We were married 11 years when it started. We started MC on our 14th anniversary last June.

Husband is remorseful and working hard but our daughters don’t want to be around him.

He hasn’t lived w us since.

Older daughter is in crisis having anxiety attacks and lost a lot of weight. The weight loss started before we found out about the affair. I actually was at a crisis center last May w her texting w my husband who told me he was working hard. Later found out he was at $325/night Airbnb (we paid!) for three nights w married gf.

Even though it’s been 8 months it’s still hard to believe all this sometimes.

I knew the marriage wasn’t good and I didn’t know what to do about it- I thought moving would help but now see it was a lazy band-aid.
If we had gotten counseling before the affair or at least before we moved, we might’ve had a chance. Now I don’t see a way forward as a couple.

It’s very sad but reminds me that nothing in life is guaranteed. I’m starting to look forward- healing but by bit. I want to have fun again!


----------



## frusdil (Sep 5, 2013)

I really don't think this is saveable. This wasn't a one time thing, this was a three YEAR affair. Three years of lies and deception. It only ended because he got caught (if in fact it ended at all).

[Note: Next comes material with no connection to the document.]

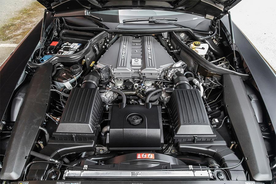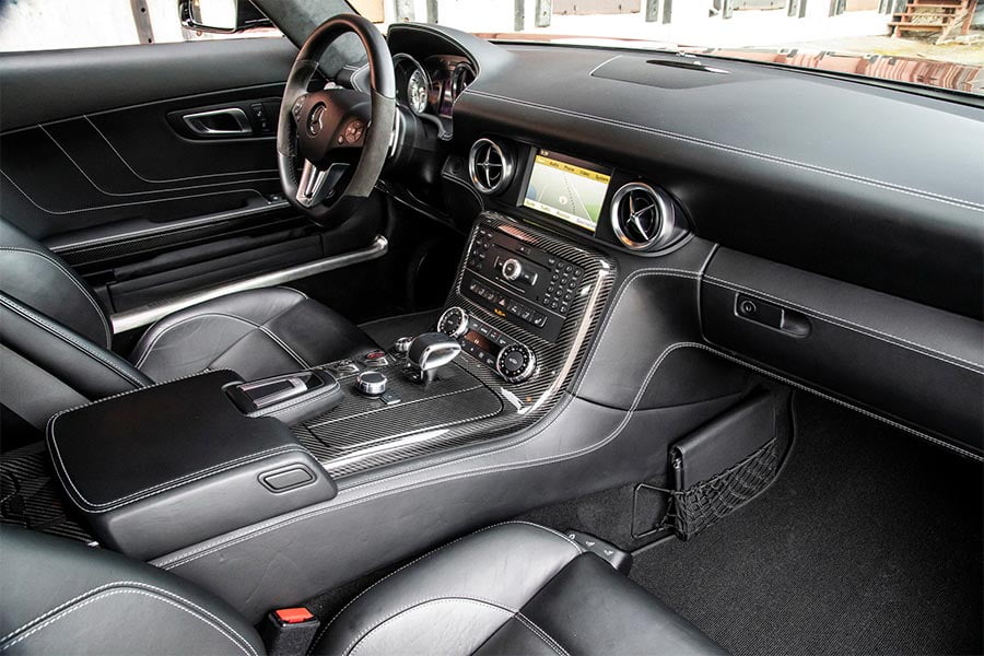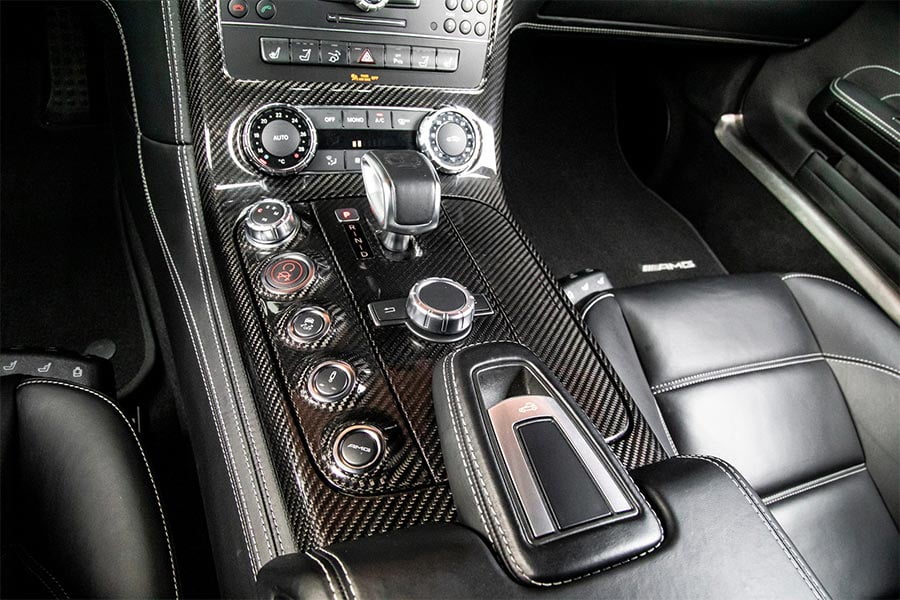 Μάλιστα η εικονιζόμενη Mercedes-Benz SLS AMG Roadster του 2012 βρίσκεται σε άριστη κατάσταση, με μόλις 10.500 χλμ. στο κοντέρ. Κάτω από το μακρύ και μυώδες εμπρός καπό της φιλοξενείται ο θηριώδης ατμοσφαιρικός κινητήρας των 6.208 κ.εκ., ισχύος 571 ίππων και 650 Nm ροπής, να προσφέρει εκρηκτικές επιδόσεις. Σημειώστε: 0-100 χλμ./ώρα σε μόλις 3,8 δλ., και τελική ταχύτητα στα 317 χλμ./ώρα! Η μετάδοση της κίνησης πραγματοποιείται μέσω του 7τάχυτου κιβωτίου διπλού συμπλέκτη, με τη δύναμη να καταλήγει στον πίσω άξονα.

There's no coming back from that.

I'm so sorry,


----------



## redmarshall (11 mo ago)

I think its remarkable how you've handled yourself despite the deceit. But as already commented here, you need to move on, and I think you already have. More power, energy and good thoughts to you.


----------



## BeyondRepair007 (Nov 4, 2021)

@RisingFromAshes I'm sorry about how things turned out, especially with your daughters. 

TAM helped me through a lot of healing just from reading and hearing other people's thoughts.
I hope the same for you.

It sounds like you're on the way to removing the major pain point from your life.
Sad as it may be, he doesn't sound like a guy who can keep your, and your daughters, best interests at heart.

Best of luck to you.
Chime in if you need help. There are plenty of experts here.


----------



## Rob_1 (Sep 8, 2017)

Have you let the woman's husband know? If you haven't, why haven't you?
Wouldn't you like to be told that your husband is cheating on you if you didn't know?
The poor suckers probably can't figure out what's going wrong in his marriage, if he has any clue at all that something's wrong.


----------



## RisingFromAshes (11 mo ago)

I have. He and I are BFFs. My husband’s AP gets so angry when I share new info with him too.


----------



## jlg07 (Feb 24, 2017)

One thing -- for the divorce (which is the direction it sounds like you are heading) -- make sure ALL of those charges and $$$ he spent on the AP are reimbursed as part of the splitting of the assets.

VERY sorry you are going through this.


----------